> [Problem details]:
Two lines below mark the span: the one containing "Proposed West Elevation Scale 1:100" and the one containing "vi. Visited Red". Set down both, plus every line between, exactly as they stand, and nothing else.

> [Entries shown]:
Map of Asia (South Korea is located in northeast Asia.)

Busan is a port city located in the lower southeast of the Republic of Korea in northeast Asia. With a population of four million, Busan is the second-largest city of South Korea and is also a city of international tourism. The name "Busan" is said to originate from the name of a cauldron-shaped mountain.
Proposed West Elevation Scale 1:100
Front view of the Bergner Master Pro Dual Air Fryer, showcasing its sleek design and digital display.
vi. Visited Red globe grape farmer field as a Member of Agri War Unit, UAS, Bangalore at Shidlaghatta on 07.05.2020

==

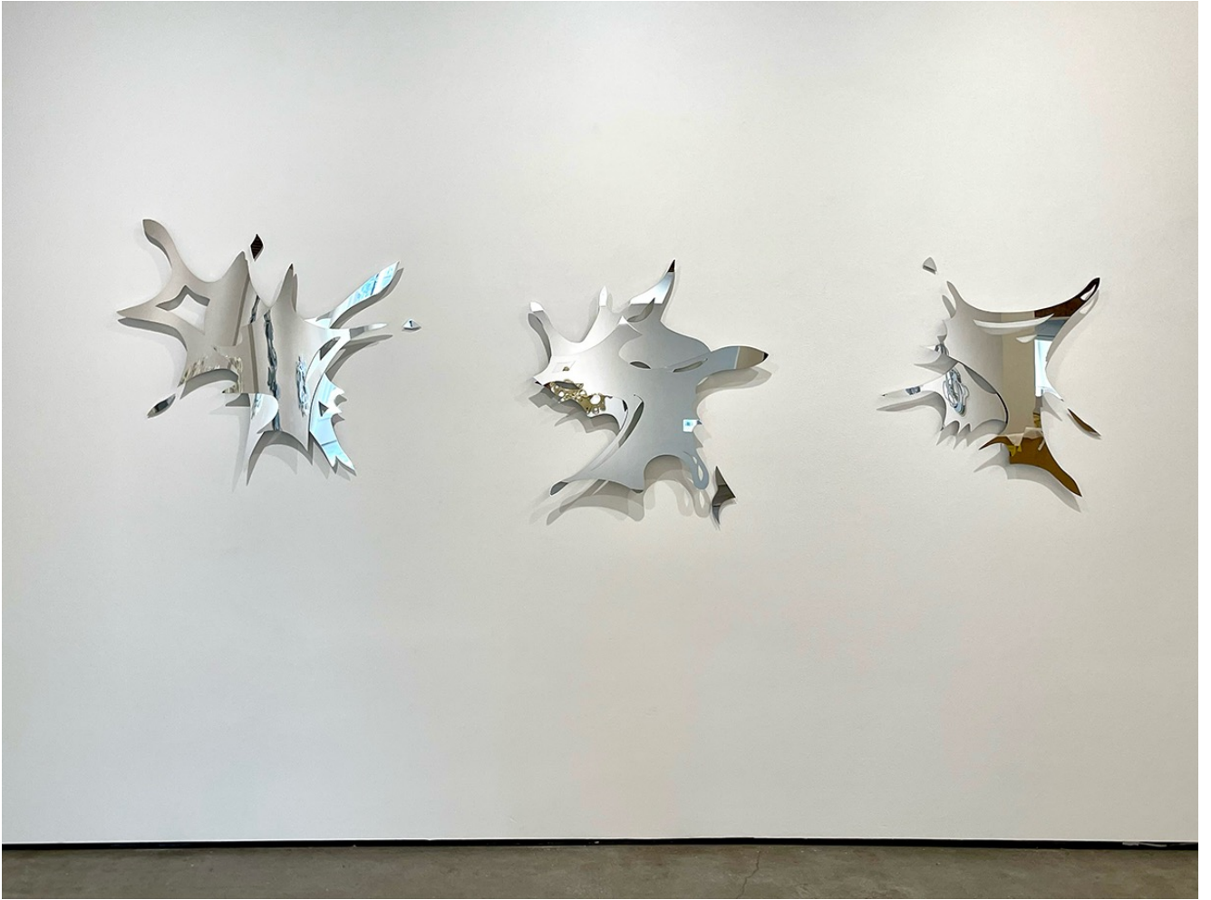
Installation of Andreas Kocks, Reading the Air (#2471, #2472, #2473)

> [Response to this exercise]:
Proposed West Elevation Scale 1:100
Front view of the Bergner Master Pro Dual Air Fryer, showcasing its sleek design and digital display.
vi. Visited Red globe grape farmer field as a Member of Agri War Unit, UAS, Bangalore at Shidlaghatta on 07.05.2020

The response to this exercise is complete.